Your assignment:
Once you reach the line containing "Состав: сахар , сироп" in the data below, restate each line word for word up to and including the one containing "Port Gibbon consists".

Records to process:
==*==

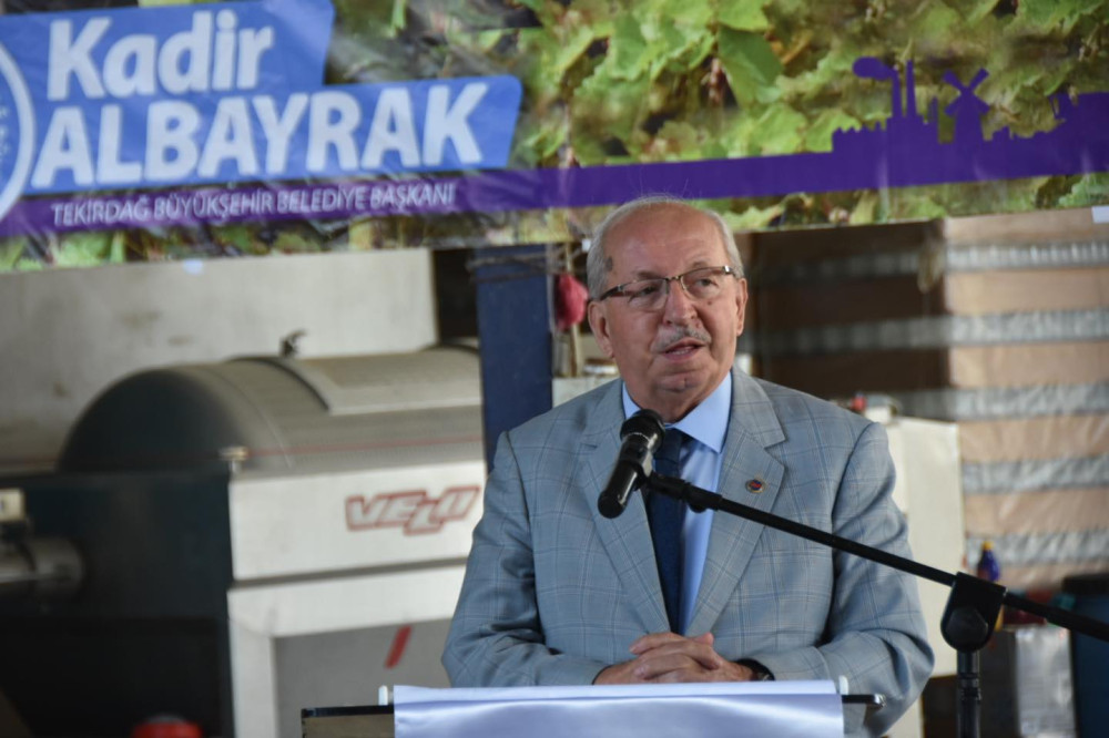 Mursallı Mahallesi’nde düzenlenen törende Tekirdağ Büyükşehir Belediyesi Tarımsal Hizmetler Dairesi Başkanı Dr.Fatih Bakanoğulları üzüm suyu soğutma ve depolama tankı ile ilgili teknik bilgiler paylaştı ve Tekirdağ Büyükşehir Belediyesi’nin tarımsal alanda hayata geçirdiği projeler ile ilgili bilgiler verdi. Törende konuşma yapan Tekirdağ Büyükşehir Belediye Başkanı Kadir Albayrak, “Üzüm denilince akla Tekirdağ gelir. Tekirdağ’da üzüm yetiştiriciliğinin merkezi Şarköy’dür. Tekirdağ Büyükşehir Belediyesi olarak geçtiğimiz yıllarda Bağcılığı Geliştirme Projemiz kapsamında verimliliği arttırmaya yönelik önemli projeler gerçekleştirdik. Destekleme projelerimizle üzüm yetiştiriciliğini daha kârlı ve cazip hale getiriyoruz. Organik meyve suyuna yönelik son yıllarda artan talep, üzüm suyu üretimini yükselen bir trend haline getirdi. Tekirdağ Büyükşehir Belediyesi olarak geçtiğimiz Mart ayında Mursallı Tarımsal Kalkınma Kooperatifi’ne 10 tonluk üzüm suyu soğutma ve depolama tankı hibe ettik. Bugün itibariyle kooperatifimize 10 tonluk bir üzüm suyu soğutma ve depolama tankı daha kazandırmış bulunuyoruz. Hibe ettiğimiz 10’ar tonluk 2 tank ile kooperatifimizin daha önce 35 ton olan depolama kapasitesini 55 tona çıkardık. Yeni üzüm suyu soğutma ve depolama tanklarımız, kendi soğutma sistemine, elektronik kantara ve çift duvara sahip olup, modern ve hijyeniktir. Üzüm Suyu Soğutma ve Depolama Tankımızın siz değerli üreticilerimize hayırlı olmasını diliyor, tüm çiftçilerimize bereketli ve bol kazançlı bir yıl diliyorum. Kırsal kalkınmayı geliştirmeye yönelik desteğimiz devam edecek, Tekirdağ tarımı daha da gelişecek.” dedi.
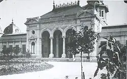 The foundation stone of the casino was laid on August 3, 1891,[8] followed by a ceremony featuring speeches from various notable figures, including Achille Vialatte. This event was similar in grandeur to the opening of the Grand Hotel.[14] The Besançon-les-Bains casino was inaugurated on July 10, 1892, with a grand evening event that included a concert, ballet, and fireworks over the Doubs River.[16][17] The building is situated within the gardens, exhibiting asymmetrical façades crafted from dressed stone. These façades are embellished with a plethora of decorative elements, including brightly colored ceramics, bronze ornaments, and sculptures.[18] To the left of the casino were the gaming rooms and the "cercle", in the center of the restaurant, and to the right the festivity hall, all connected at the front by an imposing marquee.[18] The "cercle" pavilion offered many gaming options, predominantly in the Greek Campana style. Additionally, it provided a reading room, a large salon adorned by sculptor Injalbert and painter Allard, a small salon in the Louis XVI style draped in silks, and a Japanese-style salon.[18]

==*==

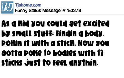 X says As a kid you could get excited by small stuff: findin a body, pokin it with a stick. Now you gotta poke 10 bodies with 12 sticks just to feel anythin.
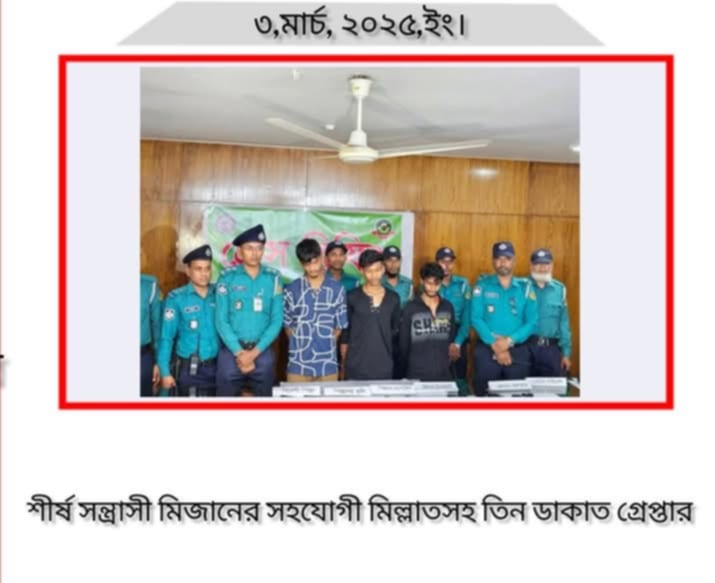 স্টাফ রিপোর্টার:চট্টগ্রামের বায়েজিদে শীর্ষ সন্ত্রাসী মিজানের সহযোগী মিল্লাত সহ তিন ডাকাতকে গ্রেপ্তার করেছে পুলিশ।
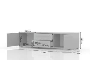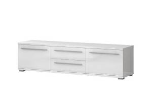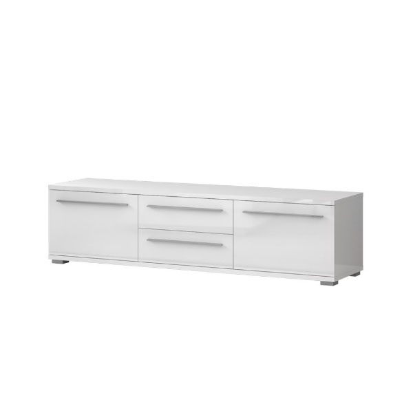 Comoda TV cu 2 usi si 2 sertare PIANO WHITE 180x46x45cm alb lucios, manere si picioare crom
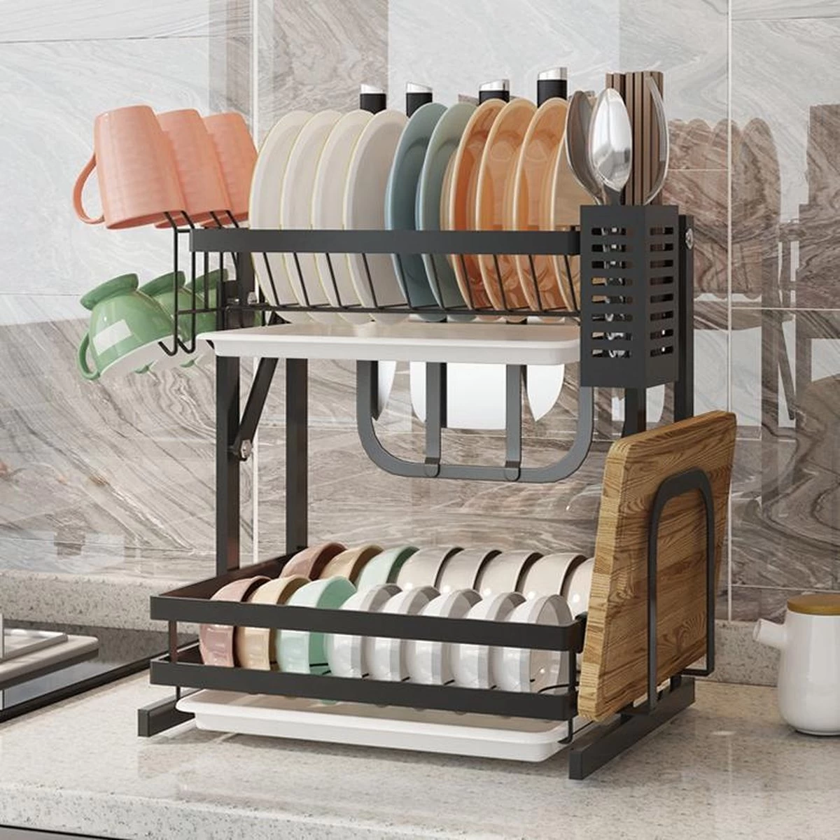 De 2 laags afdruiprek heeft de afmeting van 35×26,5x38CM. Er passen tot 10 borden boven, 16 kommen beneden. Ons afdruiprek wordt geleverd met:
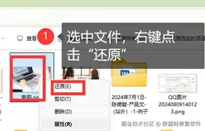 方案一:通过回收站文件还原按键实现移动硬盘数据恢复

==*==

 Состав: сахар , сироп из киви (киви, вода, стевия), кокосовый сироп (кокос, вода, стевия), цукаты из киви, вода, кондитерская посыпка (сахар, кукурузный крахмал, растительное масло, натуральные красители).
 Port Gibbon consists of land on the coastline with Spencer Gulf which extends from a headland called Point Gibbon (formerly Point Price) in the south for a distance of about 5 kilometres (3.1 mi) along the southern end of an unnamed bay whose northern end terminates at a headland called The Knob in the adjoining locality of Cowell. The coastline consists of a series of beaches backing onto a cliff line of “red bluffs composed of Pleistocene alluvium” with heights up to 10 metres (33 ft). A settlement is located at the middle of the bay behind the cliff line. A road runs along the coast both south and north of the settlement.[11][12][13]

==*==

Problem solution:
 Состав: сахар , сироп из киви (киви, вода, стевия), кокосовый сироп (кокос, вода, стевия), цукаты из киви, вода, кондитерская посыпка (сахар, кукурузный крахмал, растительное масло, натуральные красители).
 Port Gibbon consists of land on the coastline with Spencer Gulf which extends from a headland called Point Gibbon (formerly Point Price) in the south for a distance of about 5 kilometres (3.1 mi) along the southern end of an unnamed bay whose northern end terminates at a headland called The Knob in the adjoining locality of Cowell. The coastline consists of a series of beaches backing onto a cliff line of “red bluffs composed of Pleistocene alluvium” with heights up to 10 metres (33 ft). A settlement is located at the middle of the bay behind the cliff line. A road runs along the coast both south and north of the settlement.[11][12][13]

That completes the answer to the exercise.